The Vargas piece on Gingrich was loaded with angry Latinos in favor of bilingual education. Vargas mocked Gingrich's grasp of Spanish: "(However: Memorando al Señor Gingrich: In Spanish, the "r" is rolled and the syl-la-bles are se-pa-ra-ted.)" He added: "As of yesterday afternoon, Gingrich's YouTube apology, the Spanish version, had been watched more than 34,000 times on the video-sharing site. Comments kept coming in, some viewers sympathetic to Gingrich, many not, others simply LOLing -- laughing out loud." Only one website commenter was quoted supporting Gingrich's stand on bilingualism.
Givhan took no time to argue that there could be giggles in Nancy's headwear. She argued that while Western leaders looked profoundly uncomfortable in Vietnamese garb at the last Asian summit, and while the British hostages in Iran were denied their uniforms as they departed from captivity, Pelosi was a diva, fully in control of her fashion faculties:
Pelosi, with her carefully coordinated scarves, respected her foreign surroundings without ceding any control. She assiduously avoided leaving a trail of cringe-inducing photographs in which she looked so uncomfortable she might as well have been dressed in a coat of porcupine quills. Her multipurpose, culturally adaptable scarves underscored the reality that sometimes it not only matters who you are, but also what you wear.
No one in the liberal Post could locate the feminist argument that perhaps the Middle East is antiquated for requiring the ladies to cover their locks.
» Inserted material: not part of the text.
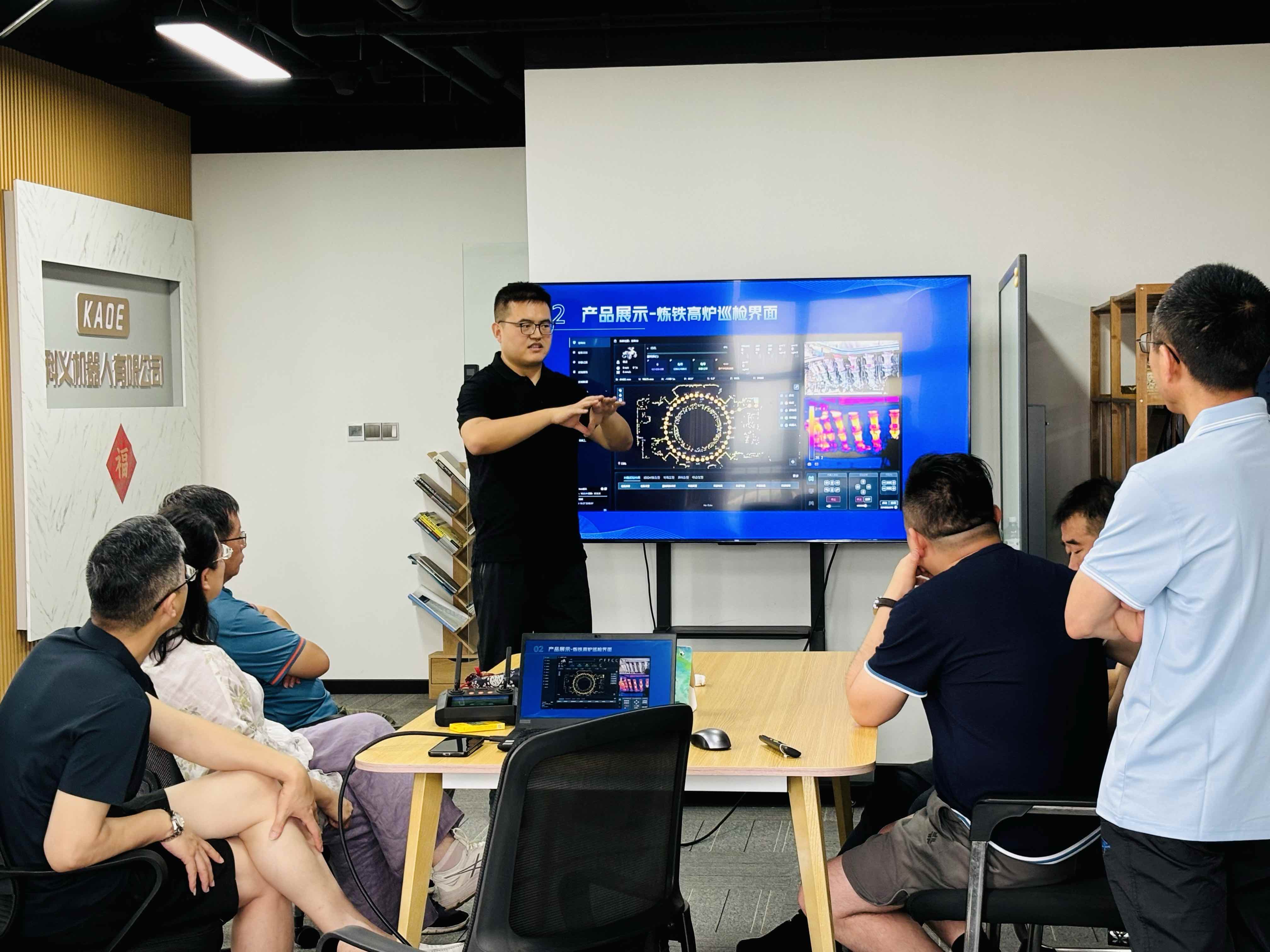 当日上午,在公司梁总的陪同下,调研团首先抵达技术展示中心。梁总以 “实物演示 + 数字孪生” 的形式,向领导们系统介绍了公司两大核心业务板块 —— 智能巡检机器人与视频行为分析系统的技术亮点与应用成效。

Instead, Givhan merely began by noting Pelosi's talent for modesty and her movie-star heroine good looks:
The scarves provided her with an additional bit of sartorial modesty when the situation required it and she was also able to use them to cover her head when protocol dictated -- such as when she visited the tomb of John the Baptist inside a mosque in Damascus and tied one around her head in the manner of a Hitchcock heroine.